[[ EXERCISE INPUT open ]]

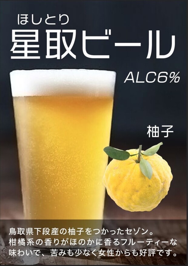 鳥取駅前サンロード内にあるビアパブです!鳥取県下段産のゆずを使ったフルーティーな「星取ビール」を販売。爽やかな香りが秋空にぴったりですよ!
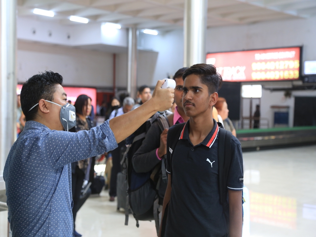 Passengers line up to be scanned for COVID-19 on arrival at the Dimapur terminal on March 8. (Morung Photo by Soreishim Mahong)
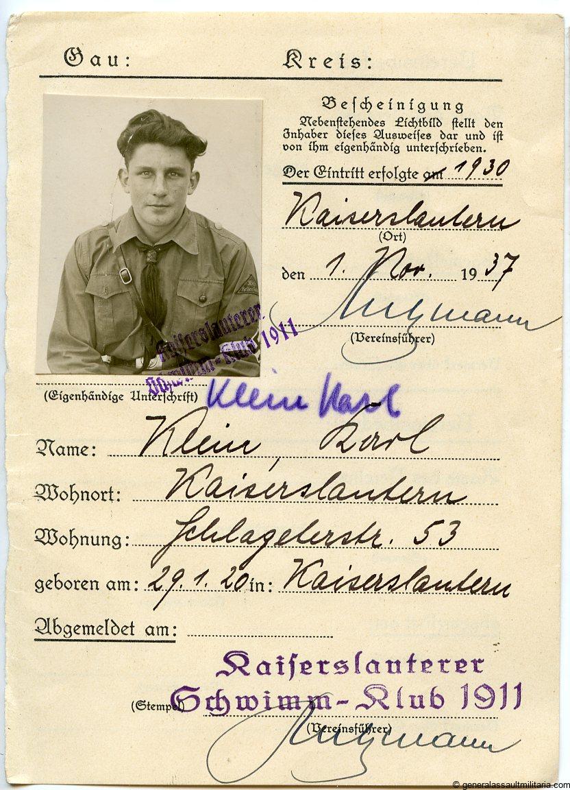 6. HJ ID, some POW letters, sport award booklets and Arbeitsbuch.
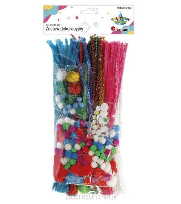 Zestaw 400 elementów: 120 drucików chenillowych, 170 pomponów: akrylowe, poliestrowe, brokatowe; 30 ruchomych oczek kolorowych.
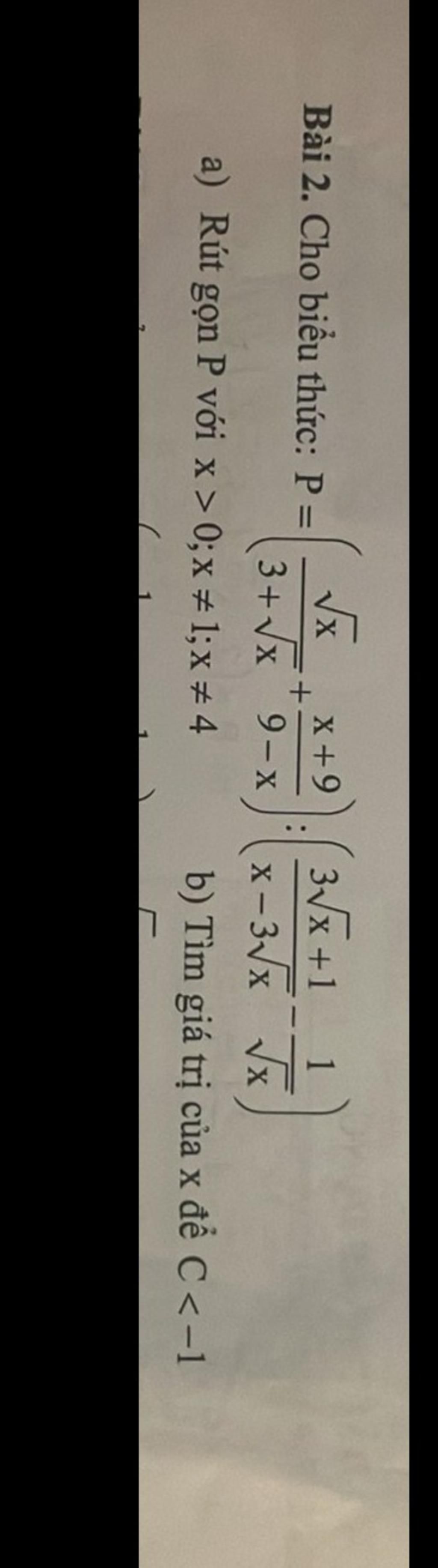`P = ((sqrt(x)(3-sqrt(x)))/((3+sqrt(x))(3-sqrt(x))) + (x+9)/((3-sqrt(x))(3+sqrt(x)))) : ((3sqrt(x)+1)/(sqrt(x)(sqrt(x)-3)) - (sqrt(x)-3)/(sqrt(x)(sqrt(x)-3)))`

[[ EXERCISE INPUT closed ]]
[[ EXERCISE INPUT open ]]

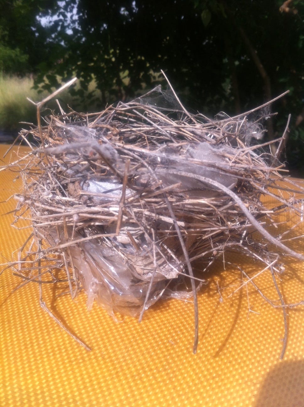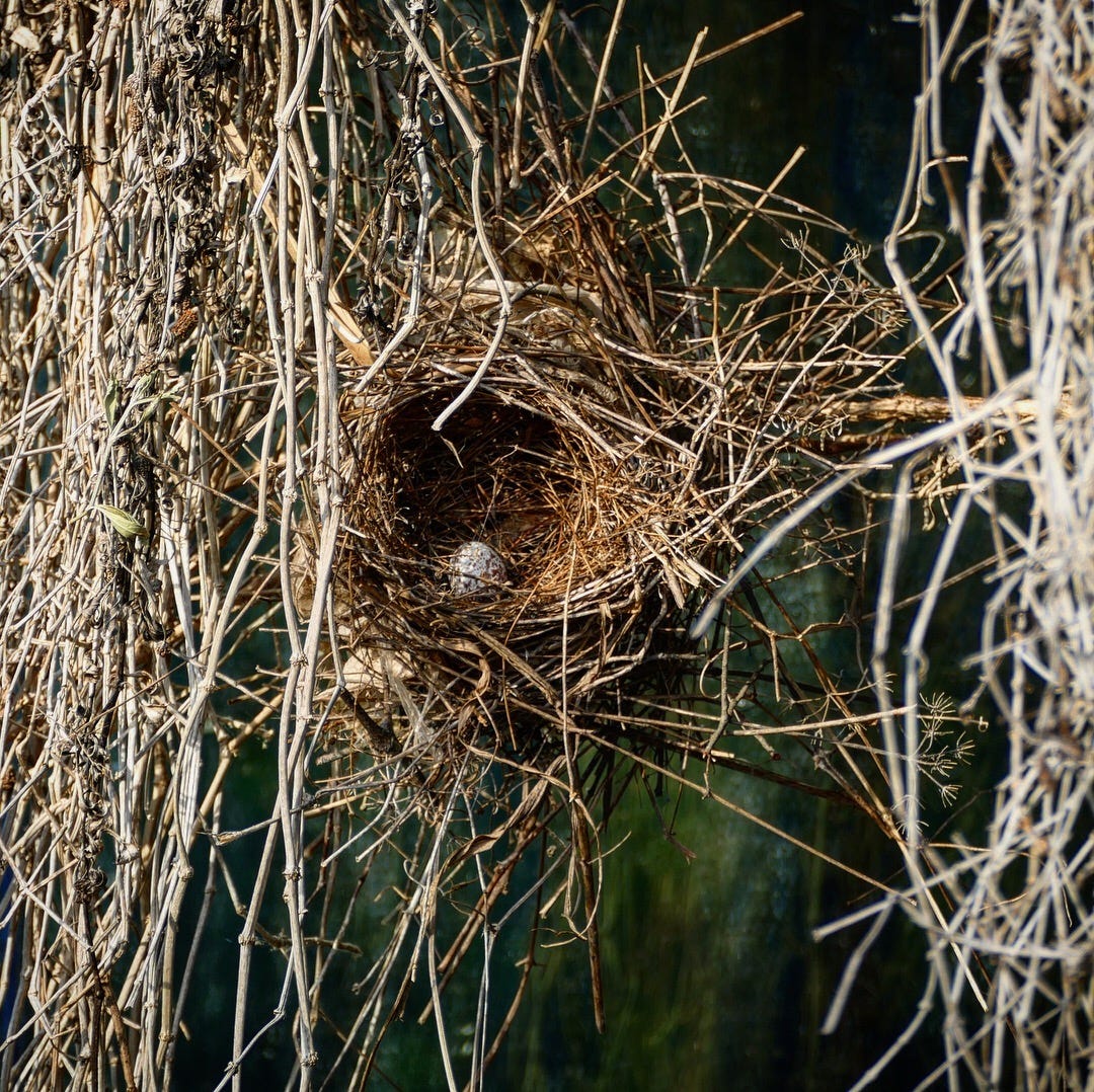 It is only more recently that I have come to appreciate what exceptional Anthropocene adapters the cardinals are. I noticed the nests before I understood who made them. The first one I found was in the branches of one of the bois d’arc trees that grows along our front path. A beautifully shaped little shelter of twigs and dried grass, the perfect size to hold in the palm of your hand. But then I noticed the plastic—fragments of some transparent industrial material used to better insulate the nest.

[[ EXERCISE INPUT closed ]]

YOUR INSTRUCTIONS
In the data above, the stretch from the line with "鳥取駅前サンロード内にあるビ" through the line with "Zestaw 400 elementów: 120" is to be returned exactly, minus any pictures.

OUTPUT OF THE EXERCISE
 鳥取駅前サンロード内にあるビアパブです!鳥取県下段産のゆずを使ったフルーティーな「星取ビール」を販売。爽やかな香りが秋空にぴったりですよ!
 Passengers line up to be scanned for COVID-19 on arrival at the Dimapur terminal on March 8. (Morung Photo by Soreishim Mahong)
 6. HJ ID, some POW letters, sport award booklets and Arbeitsbuch.
 Zestaw 400 elementów: 120 drucików chenillowych, 170 pomponów: akrylowe, poliestrowe, brokatowe; 30 ruchomych oczek kolorowych.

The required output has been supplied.